Python SDK for accessing internacia-db data with support for countries, international blocks, and fuzzy search
Project description
Internacia Python SDK
A Python SDK for accessing internacia-db data with support for countries, international blocks, and fuzzy search across multiple languages.
Features
- 🌍 Countries Data: Access comprehensive country information including codes, names, currencies, languages, and more
- 🏛️ International Blocks: Query international organizations, alliances, and unions
- 🔍 Fuzzy Search: Multi-language search supporting partial matches across names, codes, acronyms, and translations
- 🚀 Thread-Safe: Built on DuckDB with thread-safe connection handling
- 🌐 Multi-Language: Search works across all languages supported in the dataset
- ⚡ Fast: Leverages DuckDB for high-performance queries
- ✅ Well-Tested: Comprehensive test suite with 100% coverage of all public APIs
Installation
pip install internacia
For download progress bars, install with the progress extra:
pip install internacia[progress]
Or install from source:
git clone https://github.com/commondataio/internacia-python.git
cd internacia-python
pip install -e .
Prerequisites
Before using the SDK, you need to have the internacia-db dataset built. The SDK expects a DuckDB database file at:
../internacia-db/data/datasets/internacia.duckdb
To build the database, navigate to the internacia-db repository and run:
python3 scripts/builder.py build --formats duckdb
Downloading the Database
Alternatively, you can download a pre-built database directly from GitHub releases (similar to NLTK's download mechanism):
from internacia import download_database
# Download the latest version
db_path = download_database()
# Download a specific version
db_path = download_database(version="v1.0.0")
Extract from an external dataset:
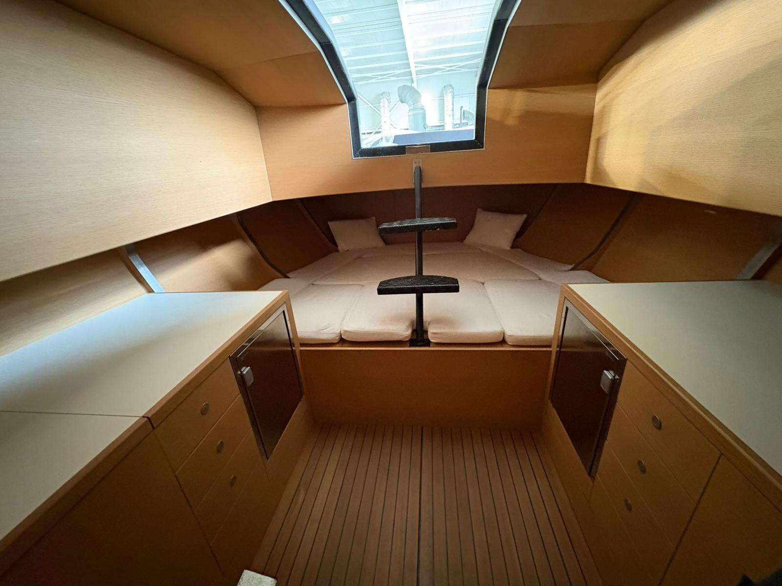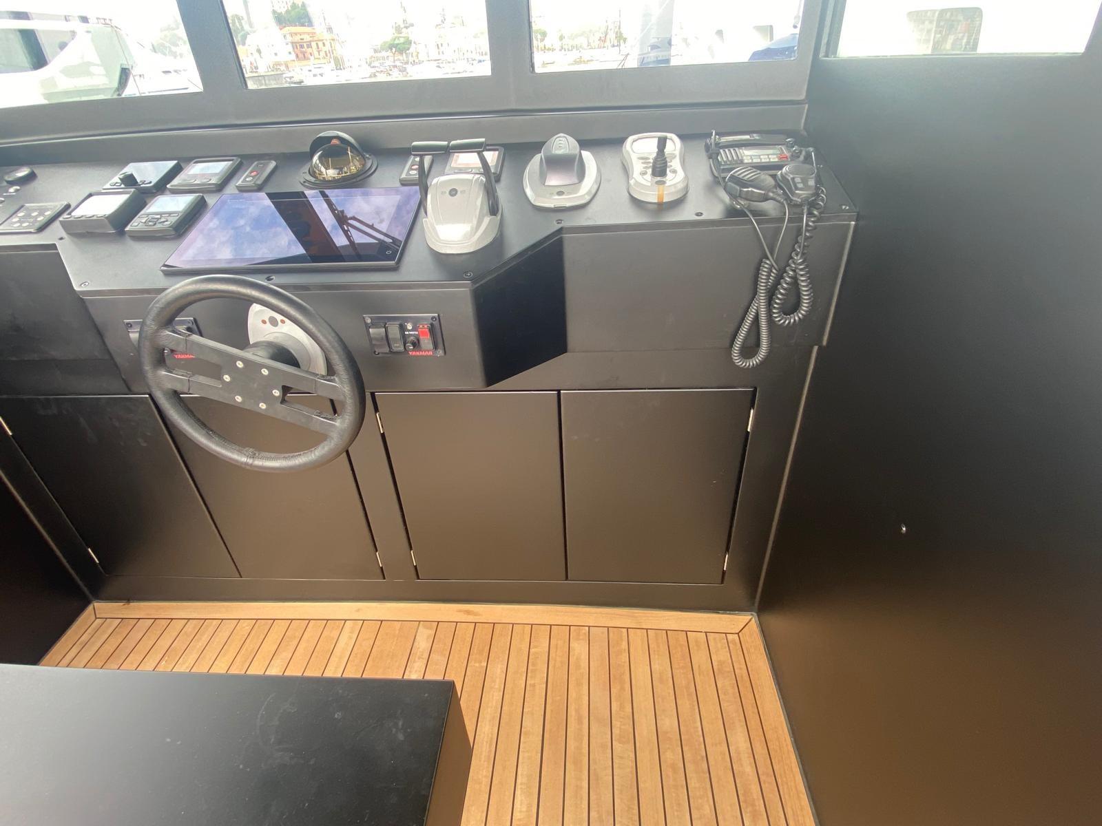 Located in the bow with access via a hatch, with V-shaped bed, N°2 VITIFRIGO refrigerators installed in the wooden furniture and electric toilet. From the cabin there is access to the technical compartment where there are the diesel tanks and the black water tank. Waterjet Steering System, No. 2 Engine Throttles, Hamilton Jet Waterjet Control, Humphree Flaps Control, Furuno Navpilot 711C/OB Autopilot, Furuno NavNet Chartplotter, Furuno FI-50 Multifunction Printer, Icom IC M411 VHF, Yanmar Engine Gauges, Cassens & Plat Magnetic Compass. Deck entirely in teak. Excellent boat for day trips but at the same time allows you to stay even at night. Excellent high-quality design.

# Force re-download even if already cached
db_path = download_database(force=True)
# Download with progress bar (requires tqdm: pip install internacia[progress])
db_path = download_database(show_progress=True)
# Download without progress bar
db_path = download_database(show_progress=False)
The database will be cached in ~/.internacia/internacia.duckdb by default. You can customize the cache location using the INTERNACIA_CACHE_DIR environment variable:
export INTERNACIA_CACHE_DIR="/path/to/cache"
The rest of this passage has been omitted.